Telegraphs have existed long before internet ever did. And heliographs predate those by a fair bit.
And then there’s the Hydraulic Telegraph from 2400 years ago.
I was reading a book, The Victorian Internet, which talked about how connected the Victorian era was, with wires stretching everywhere above the roads. It’s probably exaggerated,
Why do you think that would be exaggerated? Just curious to know.
Suppose you had a civilization. Maybe it’s on a planet whose environment interferes with the capabilities of a classic internet,
Don’t mix the Internet (which is the willingness to interconnect people through some communication means) and the technology by which it’s achieved.
I mean, if people on that planet can even think of ‘an Internet’ like ours they
- must at least have devised a way to build their own type of computers (and those needs power and some kind of wiring in order to work) and digital data storage.
- must have thought about connecting those computers together in order to do things faster/simpler or remotely and in a decentralized way (that’s how the Internet was created: to be decentralized, not in order to exchange cat pictures ;))
If they can’t imagine anything like our computers, then they probably can’t imagine ‘an Internet’ anymore than say a pre-Bell human being could wish to use a smartphone with 5G connectivity. They may be dreaming of some sort of ‘portable means of communication’, sure, and many scifi writers did back then, but it would not be something as specific as the Internet and that would be, well, scifi.
So, considering they have some kind of computing machine already and that they can devise the idea of connecting them together, they should be able to develop their existing technologies (and the protocols to use them) to communicate farther and farther away (how long was the first ever phone line?).
If they don’t have that, they probably don’t need global means of communications yet.
Keep in mind it was not that long ago that most news people would read in their lifetime was local only—beside wars, major crisis news were local. There was no constant need to share cat pictures with people living on the other side of the planet either, or to cry out loud in front of one’s phone camera about whatever personal drama one’s going through. Drama were already a thing back then, as well as sharing cat pictures (and porn, btw) but we did it with our friends or our family (maybe not porn) or at best within some community members who, back when traveling the world was not obvious nor cheap to do, were all local to us. So why would one need a planetary Internet to begin with?
What you call the Internet is very recent tech—first email ever sent is 1971 (54 years old), TikTok is around 2016 (9 years old), Facebook was created in 2004 (21 years old), Apple in 1976 (49 years old) and Google is 27 years old (1998), the first ‘smartphone’ (iPhone 1, is from 2007. There were mobile phones before that but it was the iPhone that changed the deal), and so on. I’m older than all of them and I had been communicating with people all over the world before they appeared. And I’m not even that old.
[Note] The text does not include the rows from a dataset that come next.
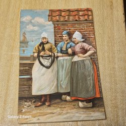 Carte postale représentant une scène de danse de femmes en costumes traditionnels près des dunes. Mention "BRIEFKAART (CARTE POSTALE)" et "Rondedans op de Duinen" imprimées sur la carte.
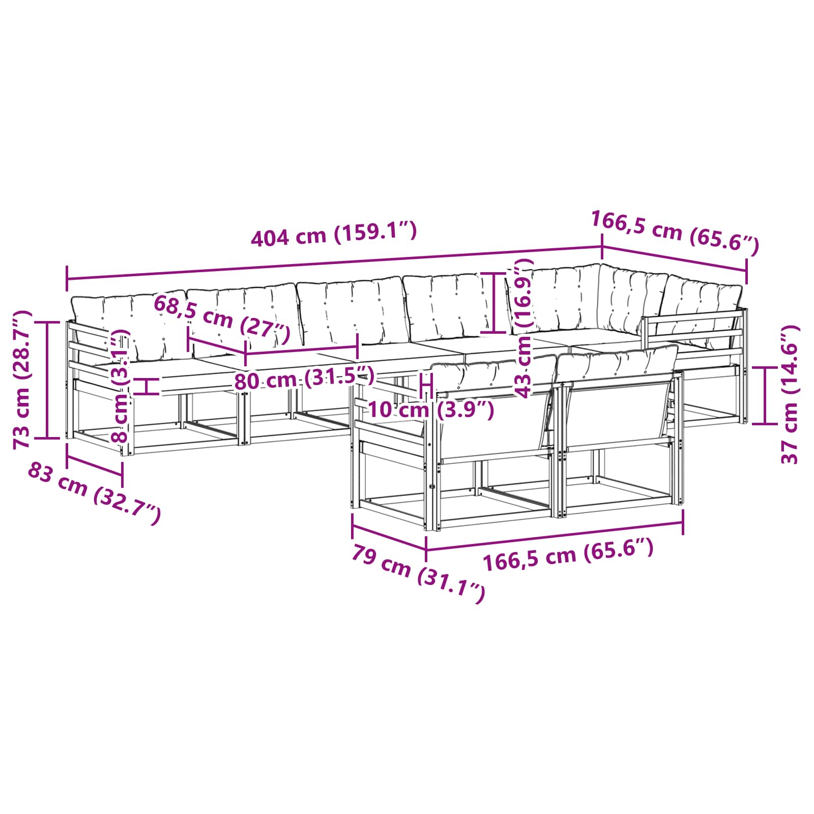• 7 x Střední pohovka: 79 x 83 x 73 cm (D x Š x V)
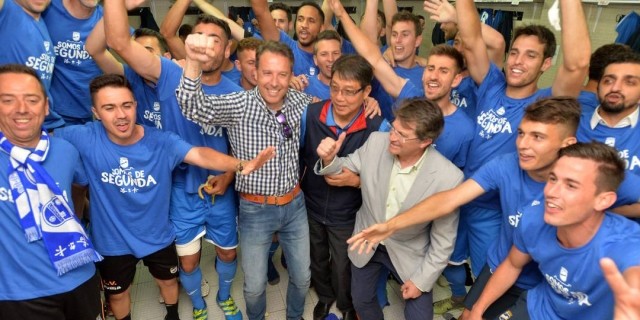 现场:洛尔卡欢庆升级 球迷挂横幅“徐根宝威武”
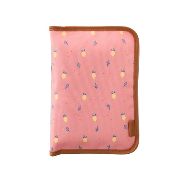 Bolsa-Cambiador de viaje impermeable Limones, de la marca Fresk, está equipada con todo lo que necesitas para cuidar de tu peque fuera de casa. Tiene un cómodo bolsillo para meter las toallitas, y espacio suficiente para guardar hasta dos pañales. Incluye un cambiador plegable con el mismo bonito diseño de Limones sobre un fondo salmón.
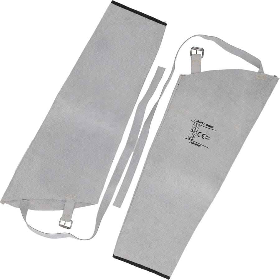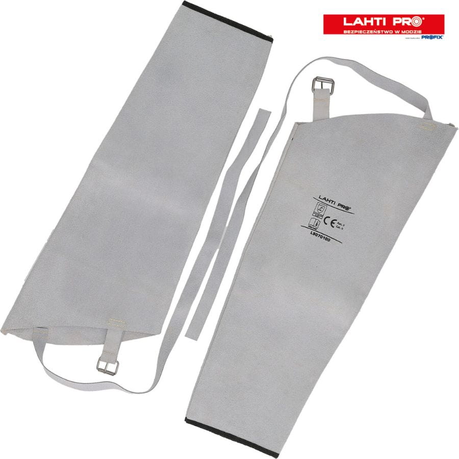 Rękawy spawalnicze Lahti L9070100 skórzane, długość 55 cm. Regulowane paski, przeszycia niepalną nicią, ochrona przed iskrami, żużlem i wysoką temperaturą.
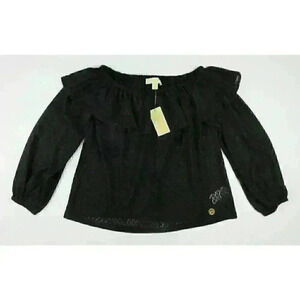 NEW! MICHAEL Michael Kors Women's L Ruffle Off-the-Shoulder Top In Black NWT $98
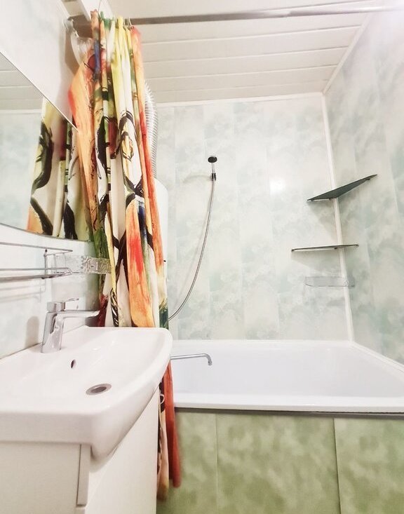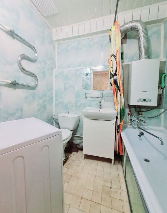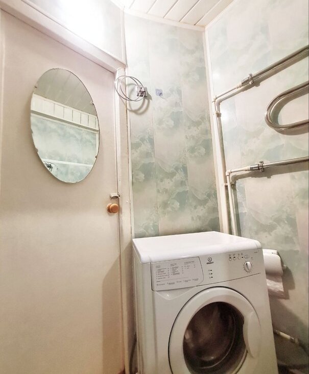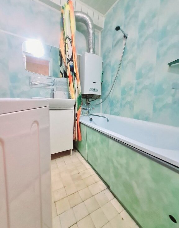 На кухне свч, плита с духовкой и вытяжкой, кухонная мебель. Ванная выложена кафелем, есть стиральная машинка, сушилка, ванная.
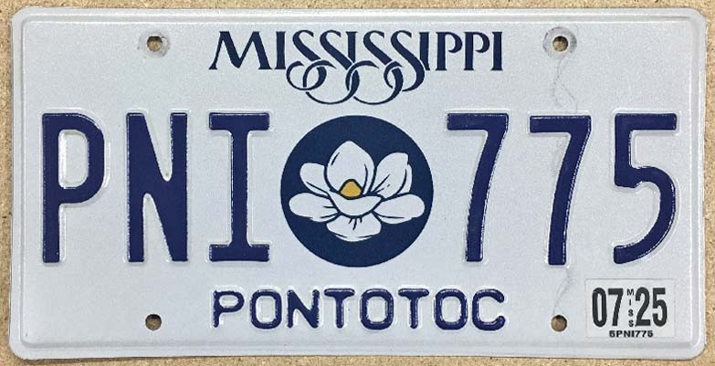 Click the button below to add the Mississippi 2025 "Magnolia" Pontotoc County License Plate - PNI775 to your wish list.
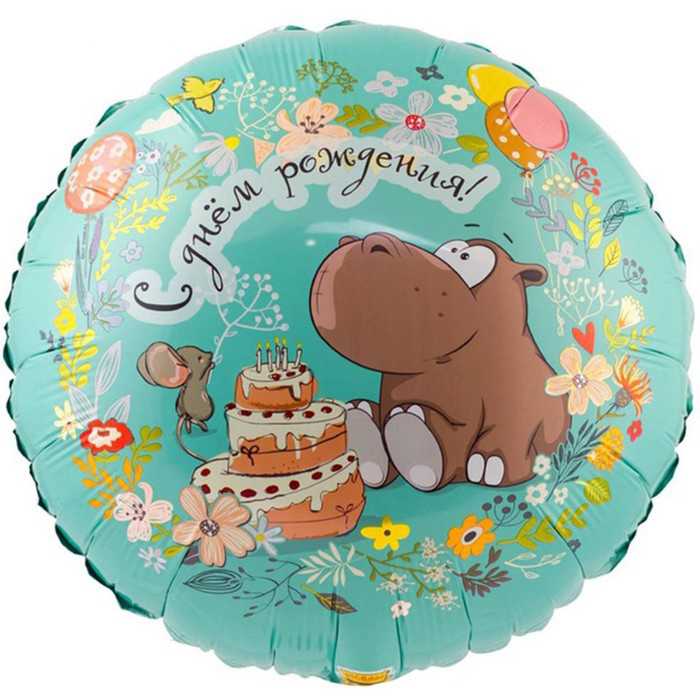 Воздушный шарик 18" «С днём рождения! Бегемот с тортом»
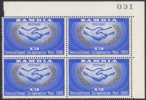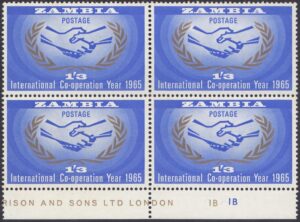 The stamp features the International Co-operation Year symbol with ‘Peace and Progress through Co-operation.’
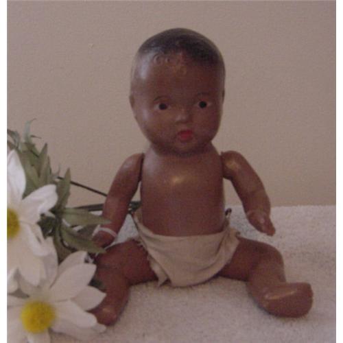 9.5" Black composition baby, unmarked, jointed at the arms and legs. Painted features, original rubber band stringing, a little loose. They used two different style arms on this doll. Has been played with but light wear. <P><P>Got questions, email before you bid.
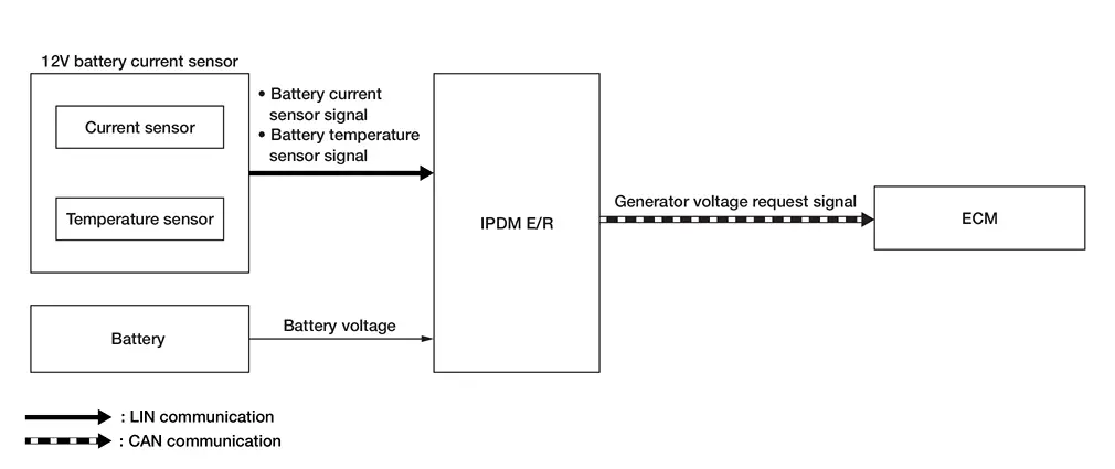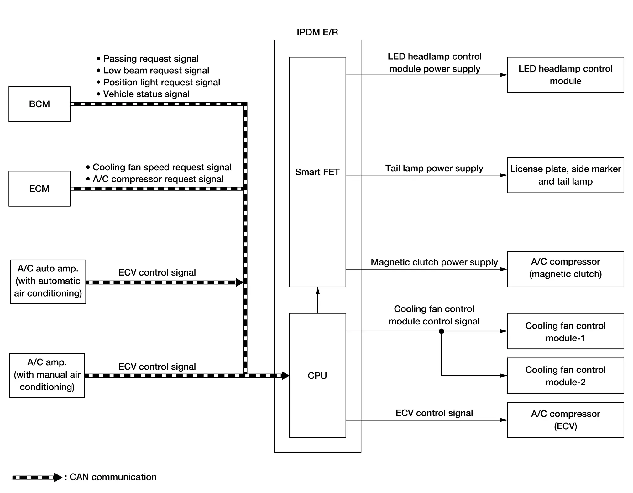 | A/C auto amp. | A/C auto amp. transmits the ECV control signal to the IPDM E/R via CAN communication. |
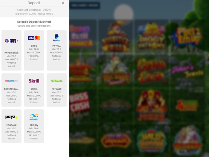 Each country has its own deposit and withdrawal methods if you are choosing traditional payment processing. Skrill is only available for players in Norway.
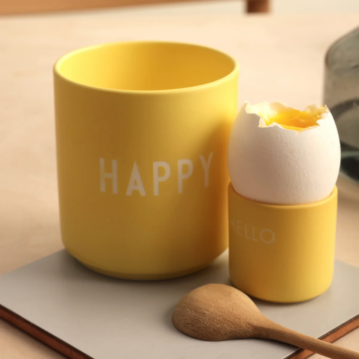 Ob als Tassen für Tee oder Kaffee auf dem Esstisch oder als Stifthalter auf dem Schreibtisch - die Becher sorgen mit ihren positiven Wörtern für ein Lächeln am Morgen oder die nötige Motivation zum Arbeiten. Hergestellt werden die Becher aus Porzellan während die Buchstaben eingraviert sind. Die grafischen Tassen sorgen für einen Farbtupfer im Wohnbereich und eignen sich auch bestens als Geschenk.
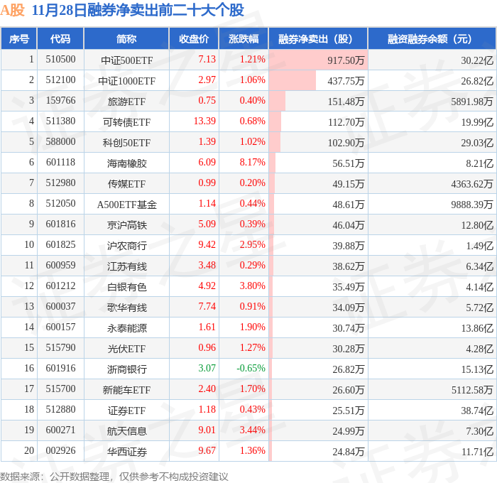 A股融券净卖出前三分别为:中证500ETF(510500)融券净卖出917.5万股、中证1000ETF(512100)融券净卖出437.75万股、旅游ETF(159766)融券净卖出151.48万股,前20具体见下表:
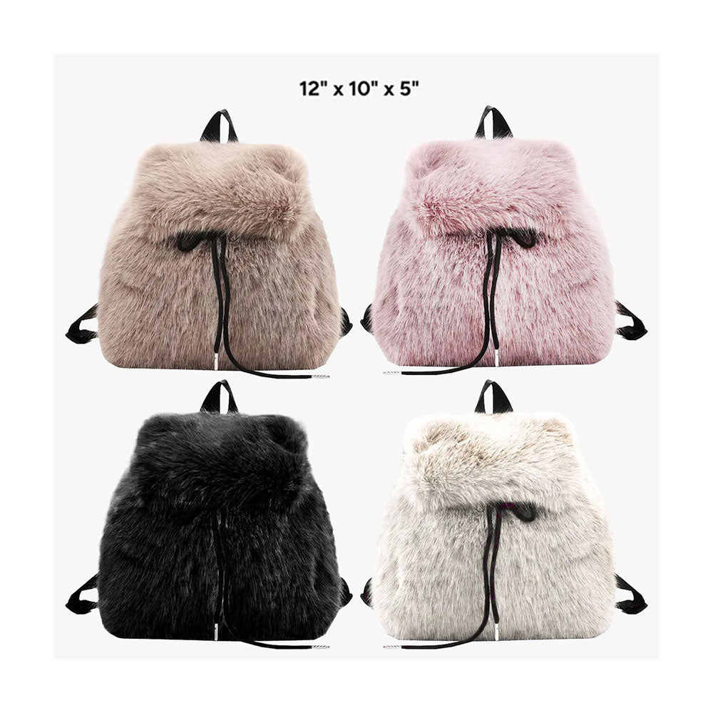 Upgrade your style with this cozy faux fur backpack, perfect for daily use or winter outings. Featuring a roomy main compartment, secure drawstring closure, and adjustable shoulder straps, it blends comfort with functionality for a trendy accessory that stands out year-round.
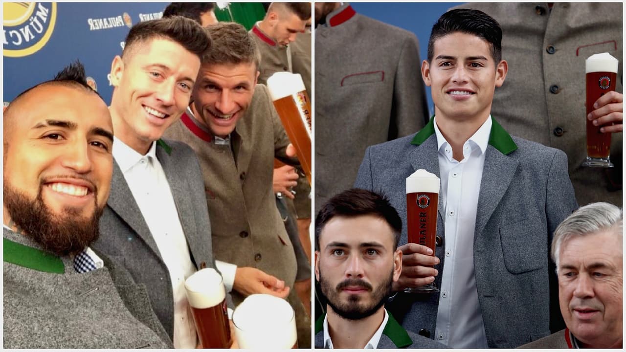 El colombiano y el chileno celebraron por partida doble: primero porque en el Bayern Munich comenzaron con el tradicional Oktoberfest y, después, porque fue el cumpleaños 28 de su compañero. ¡Salud!
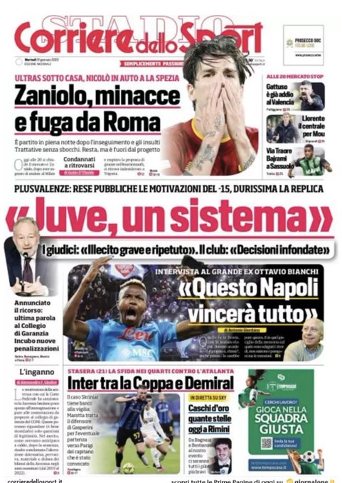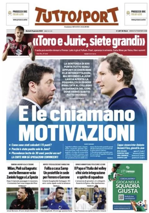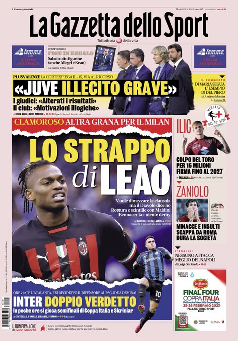 Le prime pagine dei quotidiani sportivi italiani di oggi 31 gennaio 2023. La rassegna stampa delle notizie sui rossoneriGazzetta dello SportCorriere dello SportTuttosport
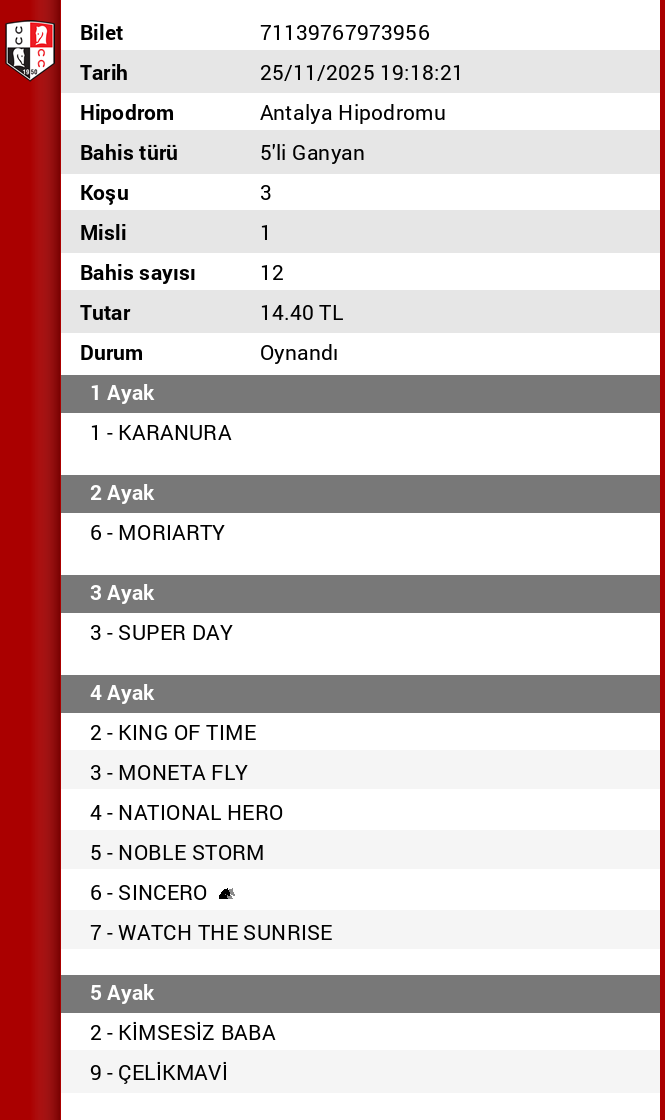 7.KOŞU: 5-GÜNEREN favori, 2-KİMSESİZ BABA sessiz ve derinden gelebilir, 3-SUFLE sessiz ve derinden ve 10-TAŞUCU dengelemek için yumuşak bir sigorta gözümde bir adım önde. Grup denk, küçük hatalar pahalıya patlar; düzlük savaşında sinirler çelik gibi olmalı. Günün akışına göre güvenlik eklemesi mantıklı.
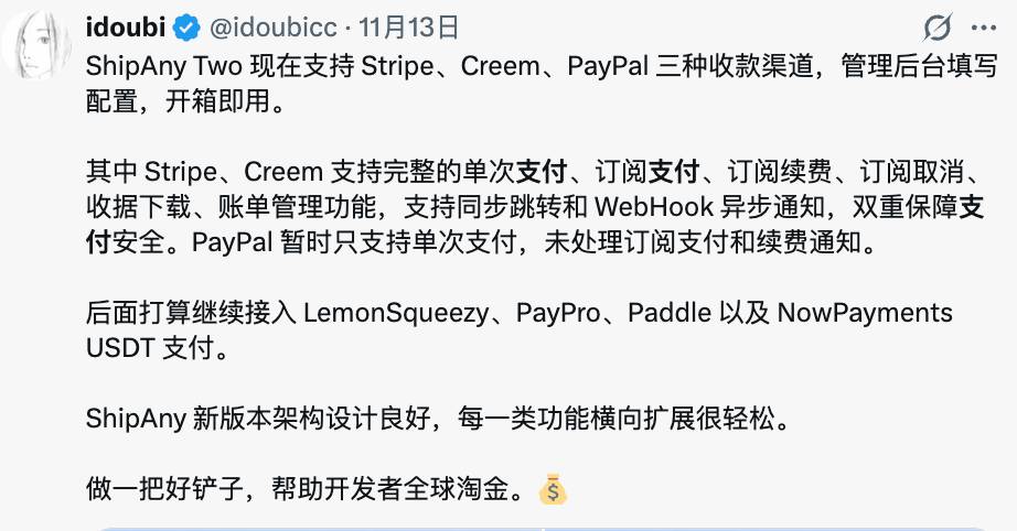 答:基于Paypal方式(项目是基于ShipanyTwo的支付能力,他支持Stripe、Creem、Paypal)
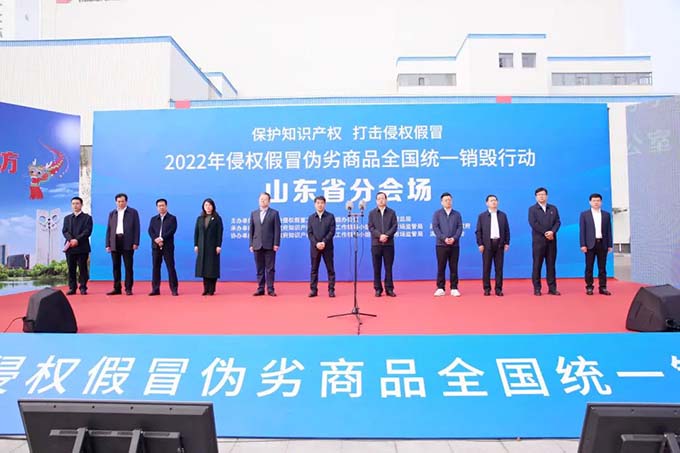 2022年11月10日,按照全國(guó)打擊侵犯知識(shí)產(chǎn)權(quán)和制售假冒偽劣商品工作領(lǐng)導(dǎo)小組辦公室的統(tǒng)一部署和安排,山東省政府知識(shí)產(chǎn)權(quán)戰(zhàn)略實(shí)施工作領(lǐng)導(dǎo)小組辦公室、省市場(chǎng)監(jiān)管局和濰坊市人民政府聯(lián)合組織開(kāi)展山東分會(huì)場(chǎng)銷毀行動(dòng)。
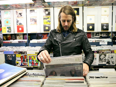 Zack is pictured browsing through vinyl records at A1 Records in New York City on Jan. 19, 2015
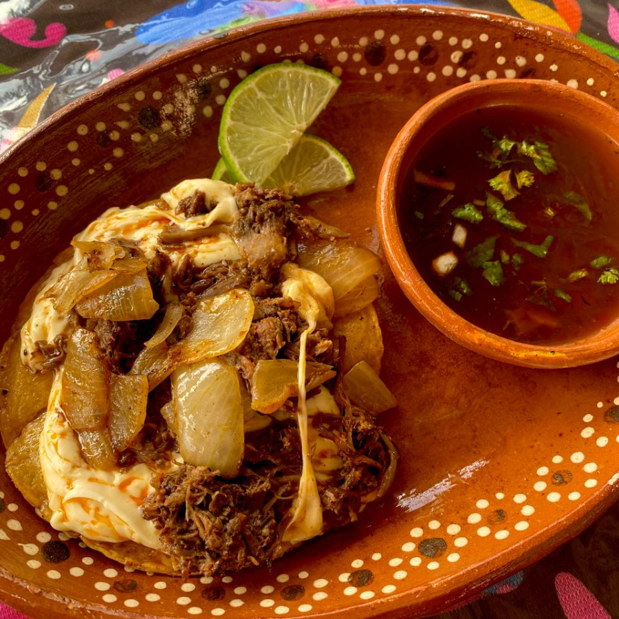 Tostada de maiz acompañada de birria, queso y cebolla asada
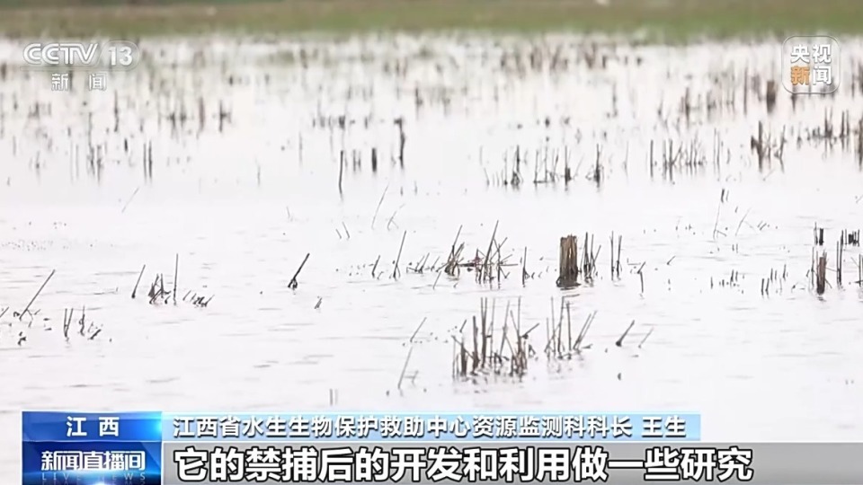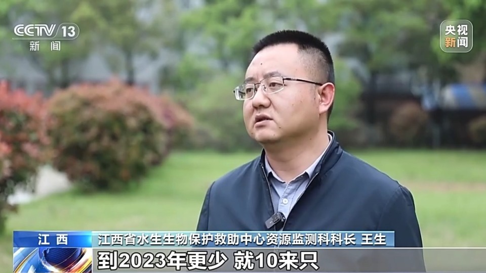 江西省水生生物保护救助中心资源监测科科长 王生:2021年的时候可能就监测到百来只,2022年的时候30来只,到2023年更少,就10来只。
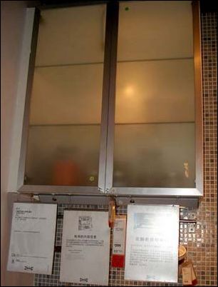 在廚房背面也設(shè)置了隔板,瓶瓶罐罐都可以擱在這上面,容量和壁柜相差無幾。
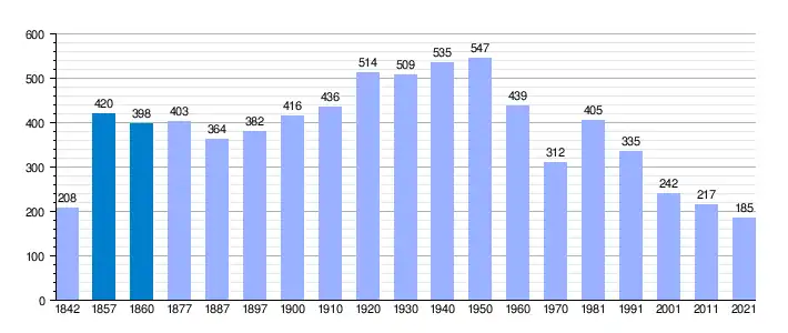 Población de derecho según los censos de población del INE Población de hecho según los censos de población del INEEntre el censo de 1981 y el anterior, crece el término del municipio porque incorpora a Solduengo y Las Vesgas.[4] |

In fact, our entire species have been communicating for a few thousands years already.
The desire to communicate, to create a network of connections between people has not changed much, the tools (and the cost of using them) changed dramatically, obviously.
As well as the type of content we consider worth exchanging (which would be an interesting discussion in itself).
I never sent much cat pictures through snail mail back in the days, nor talked much about my outrage regarding anything because snail mail was slow (and outrage never lasts much) and was costly when done overseas and so were phone calls (and so was taking film pictures, btw) and I’d rather focus that time and money on things I considered worth it—ie, useful/interesting to both my correspondent and I.
Thinking about it, maybe your hypothetical internet-less alien civilization is much happier (and healthier) than we are today with our constant dramas and low, low effort contents that make up the essential of our Internet? Just wondering, obviously.
edit: typos
Cuba might be a good place to look for a real world example of this. They had the concepts of “SNET” and “el paquete semanal” that were solutions to poor internet penetration, expensive internet costs (pay per MB), and heavy restrictions on that internet.
El paquete semanal is a weekly payload of the latest movies, TV episodes, manga, comics, etc. that gets brought into the country and spread by sneakernet.
SNET is widespread guerilla LAN networking to the point where Cuba had a well populated private WoW server. Also solved some of the Internet cost issues because you could game and share content locally without paying for every little MB.
As of 2020, SNET is now “illegal” and those existing networks are being absorbed into their ISP.
Oh damn. Am I really so old now that people can’t imagine a world without Internet?
I was born six months before Google was founded. I am now 25.
I’m the same age as MTV.
My point is, there are adults older than me who have never lived in a time where the internet wasn’t a thing
Terry Pratchett’s Discworld has The Clacks, a network of semaphore towers that can transmit messages, later including encoded images, across the disc.
Ah, what you’re describing here is Plato’s cave; a place underground so deep that you cannot see the stars. The starry sky, of course, is a metaphor for the internet, or for universal knowledge.
I think in such a world where there can be no internet, there can be no energy either. Because just like the internet, energy requires a straight line to travel along. But the internet could only not exist, if such straight lines were impossible, like in a very wrapped space (i.e. Jungle). In this case, Information could only be exchanged within small neighbourhoods, leading to the fragmentation of the space.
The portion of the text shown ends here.